Research has shown that meditation and prayer can offer effective treatments for anxiety (Lee, Zaharlick, & Akers, 2011). Furthermore, recent advances in neuroscience have confirmed the biblical wisdom that love eradicates fear. The part of the brain in which fear is generated is called the amygdala, whereas the part of the brain in which we experience altruistic love, compassion, empathy, and sympathy is called the anterior cingulate cortex (ACC). Dr. Newberg at the University of Pennsylvania has shown that when individuals aged 60 to 65 meditated 12 minutes a day for 30 days on a God of love, they experience growth in the ACC as measured by MRI brain scans, reductions in heart rate and blood pressure, and improvement in memory testing. Meditating on any other God concept, such as an angry, wrathful, distant, or punitive god did not result in these positive outcomes (Newberg & Waldman, 2009). This means that growth in the ACC from meditating on a God of love calms and reduces the firing of the brain’s fear center (the amygdala).

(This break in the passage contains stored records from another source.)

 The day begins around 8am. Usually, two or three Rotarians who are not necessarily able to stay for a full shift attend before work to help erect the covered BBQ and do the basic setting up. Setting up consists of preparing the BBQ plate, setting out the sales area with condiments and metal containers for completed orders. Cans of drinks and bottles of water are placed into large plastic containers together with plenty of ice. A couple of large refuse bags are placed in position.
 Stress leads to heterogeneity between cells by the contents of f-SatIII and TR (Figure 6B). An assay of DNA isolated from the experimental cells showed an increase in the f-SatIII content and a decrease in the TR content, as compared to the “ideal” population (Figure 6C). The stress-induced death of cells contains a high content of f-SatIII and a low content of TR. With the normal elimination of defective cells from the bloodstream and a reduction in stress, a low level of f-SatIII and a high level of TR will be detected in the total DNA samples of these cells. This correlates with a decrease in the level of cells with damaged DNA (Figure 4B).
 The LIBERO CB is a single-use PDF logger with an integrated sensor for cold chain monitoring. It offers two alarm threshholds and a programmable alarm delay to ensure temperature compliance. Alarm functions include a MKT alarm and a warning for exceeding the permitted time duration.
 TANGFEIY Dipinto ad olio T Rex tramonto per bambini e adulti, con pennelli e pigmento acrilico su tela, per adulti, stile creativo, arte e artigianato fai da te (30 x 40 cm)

Because of sin, when we encounter a stressful experience, the brain’s alarm circuitry (amygdala) will fire, causing the release of adrenalin and stress hormones (glucocorticoids). During an immediate threat, such as a dog attack, this system quickly prepares the body for survival. It will shunt blood out of the digestive organs and into the muscles; cause the heart rate and respirations to increase, increasing oxygen and blood flow to the muscles; dilate the pupils; raise the blood pressure; and alert the brain. We become more aroused and prepared for action. The glucocorticoids cause glucose to be dumped into the bloodstream for energy to either fight or take flight. Additionally, the immune system is primed, or turned on, and inflammatory cytokines are released in order to protect the body against any bacterial or viral invaders if the skin should be pierced.

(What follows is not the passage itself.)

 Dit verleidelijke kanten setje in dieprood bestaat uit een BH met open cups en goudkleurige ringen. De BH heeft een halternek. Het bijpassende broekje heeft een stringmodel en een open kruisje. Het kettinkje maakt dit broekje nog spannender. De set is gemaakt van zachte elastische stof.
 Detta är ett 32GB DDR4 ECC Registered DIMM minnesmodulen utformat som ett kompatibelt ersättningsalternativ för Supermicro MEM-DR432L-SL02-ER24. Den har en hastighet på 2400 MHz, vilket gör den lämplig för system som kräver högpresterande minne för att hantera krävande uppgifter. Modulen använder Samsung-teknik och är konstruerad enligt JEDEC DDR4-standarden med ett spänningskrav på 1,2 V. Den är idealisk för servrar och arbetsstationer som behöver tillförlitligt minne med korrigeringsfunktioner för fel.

All of this sounds rather good in the short term, but when one stays stressed, these pathways stay activated and cause significant problems to the body and brain. Anxiety disorders “reflect either the hyperactivity of the behavioral system or else its inhibition,” neither of which is healthy long-term (Beck et al., 2005, p. 24). Chronic anxiety results in increased risk of obesity, heart attack, stroke, diabetes mellitus, bone loss, and mental illnesses, such as depression (Gorman, 2004).

REFERENCES

American Psychiatric Association. (2000). Diagnostic and Statistical Manual of Mental Disorders (4th ed., text rev.). Washington, DC: Author.

Beck, A. T., Emery, G., & Greenberg, R. (2005). Anxiety Disorders and Phobias: A Cognitive Perspective. Cambridge, MA: Basic Books.

Gorman, J. L. (Ed.). (2004). Fear and Anxiety: Benefits of Translational Research. Washington, DC: American Psychiatric Association.

Lee, M. Y., Zaharlick, A., & Akers, D. (2011). Meditation and treatment of female trauma survivors of interpersonal abuses: Utilizing clients’ strength. Families in Society, 92(1), 41-49.

National Institutes of Mental Health. (2005). Statistics: Any Anxiety Disorder Among Adults. Retrieved from http://www.nimh.nih.gov/statistics/1ANYANX_ADULT.shtml

Newberg, A., & Waldman, M. R. (2009). How God Changes Your Brain: Breakthrough Findings from a Leading Neuroscientist. New York, NY: Ballantine Books.